Bill would turn boarded-up houses into homes again BALTIMORE CITY

February 03, 1993|By Eric Siegel | Eric Siegel,Staff Writer

The City Council is considering a bill that would make it easier for renters and first-time home buyers to purchase vacant city-owned houses.

"What this bill does is to free the vacant houses, to get them into the hands of the people. The city takes years to free a vacant house for sale," said City Council President Mary Pat Clarke, who introduced the bill Monday night. She said she hoped many of the houses could be sold for as little as $1 each.

Ms. Clarke, who unsuccessfully sponsored similar legislation 11 years ago, said she was moved to dust off the bill after spending a recent night at the Lexington Terrace high-rise housing project. "People were saying to me, 'Why should people be living like this when we have so many vacant houses around the city,' " she said yesterday.

Under Ms. Clarke's bill, the housing department would be required to maintain a complete and updated list of the hundreds of vacant properties owned by the city and not slated to be used in specific redevelopment projects within a year.

Anyone over 21 not currently owning a home in Maryland could enter into an immediate agreement for any house on the list. They would have to agree to bring it up to housing code standards and live there for a minimum of three years.

The bill would also allow developers to bid on the more decrepit properties -- those needing more than $30,000 of rehabilitation work -- in return for promises to complete the renovations within 2 1/2 years from the date of settlement.

The city housing department is reviewing the bill and has not yet taken a position on it, said spokesman Zack Germroth.

Mr. Germroth noted that the city already has programs to encourage the rehabilitation of vacant properties, programs that include the Community Development Financing Corp. for developers willing to rehab three or more vacant properties and the newly created Vacant Home Loan Program. The city also holds bi-annual tax sales of vacant properties, he said.

Currently, the city has title to about 700 vacant properties, of which more than 500 are slated for demolition or are earmarked for redevelopment projects, he said.

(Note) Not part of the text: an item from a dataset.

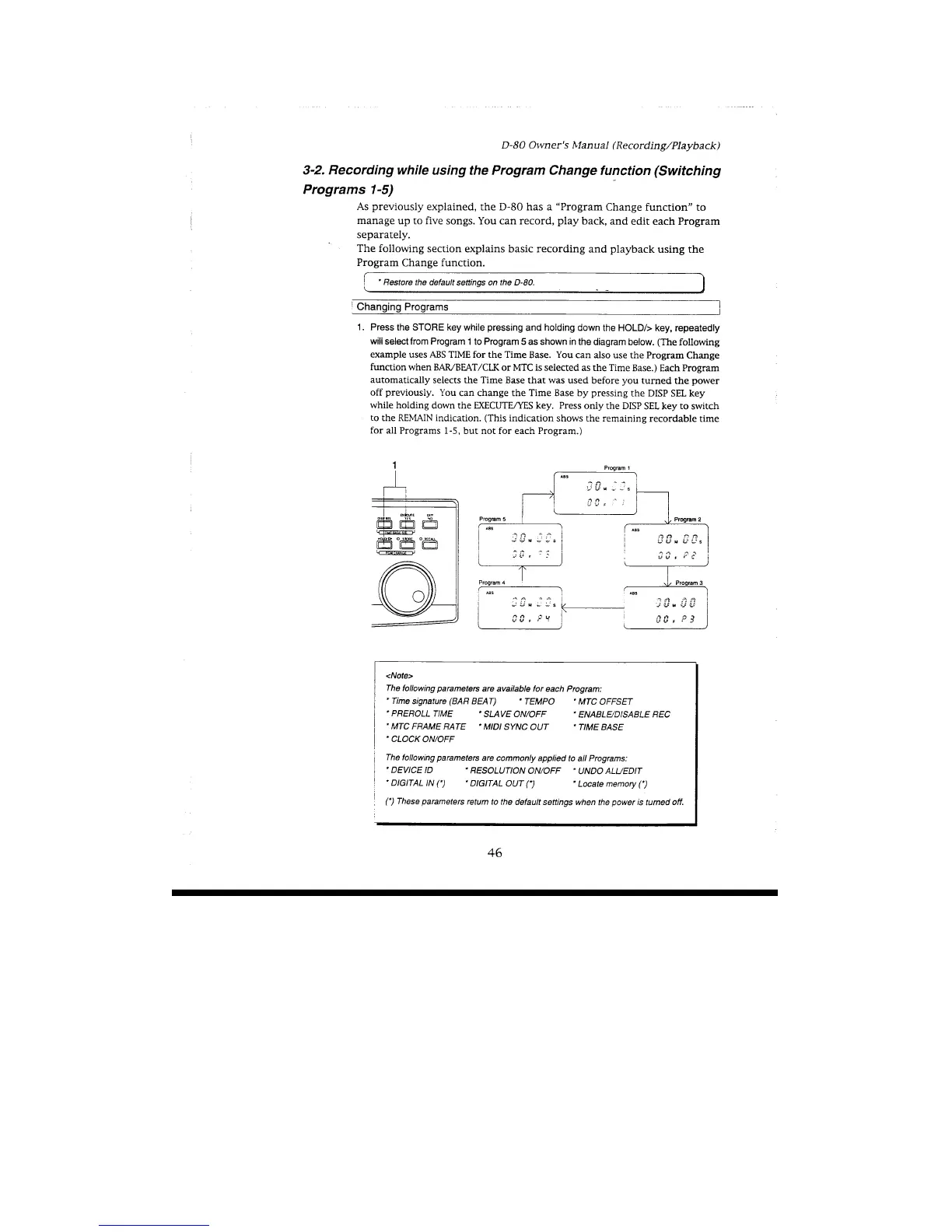 Fostex D-80 - Recording While Using the Program Change Function; Changing Programs

But Ms. Clarke said yesterday that there are "thousands" of additional abandoned, vacant properties to which the city has not yet taken title. Her bill would create a 13-member commission that would, among other things, study ways the city could gain title to vacant properties more quickly.

It also often takes years for the city to get these planned projects off the ground or get funds to demolish the boarded up properties, Ms. Clarke said. During that time, the properties remain a blight on their neighborhoods, she said.